**Required work**
The data below contains pictures, which are to be skipped; the lines starting at the line with "Twine and Twig" and ending at the line with "パーティードレス ホワイト 光沢サテン マーメイドライン ロングドレス" are to be output exactly, both ends included.

**Records supplied**

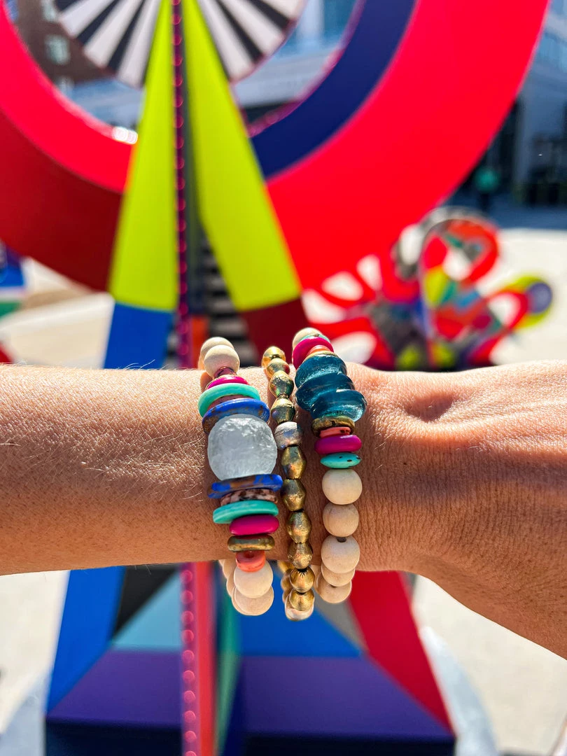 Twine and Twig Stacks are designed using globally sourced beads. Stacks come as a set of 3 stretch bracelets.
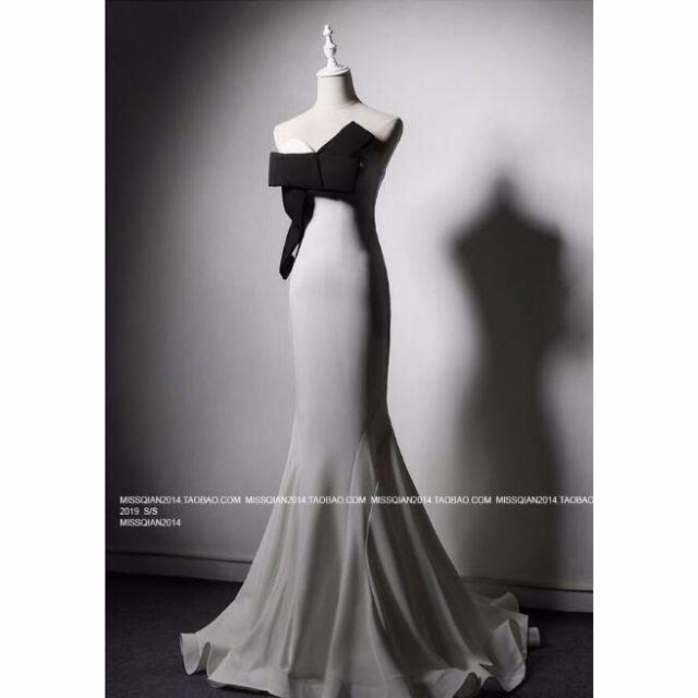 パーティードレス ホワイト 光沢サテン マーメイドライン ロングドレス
* * *
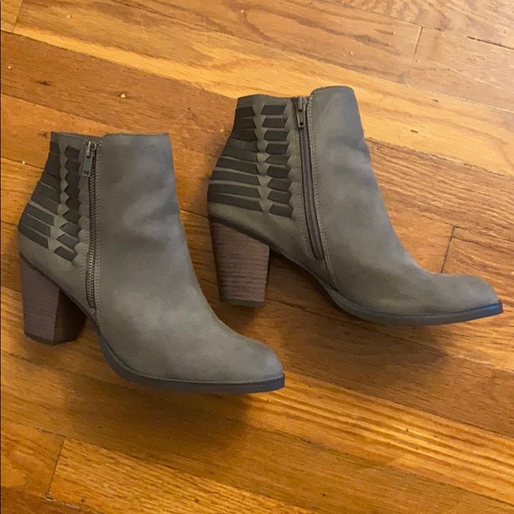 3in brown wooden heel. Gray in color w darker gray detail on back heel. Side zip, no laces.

**Written solution**
 Twine and Twig Stacks are designed using globally sourced beads. Stacks come as a set of 3 stretch bracelets.
 パーティードレス ホワイト 光沢サテン マーメイドライン ロングドレス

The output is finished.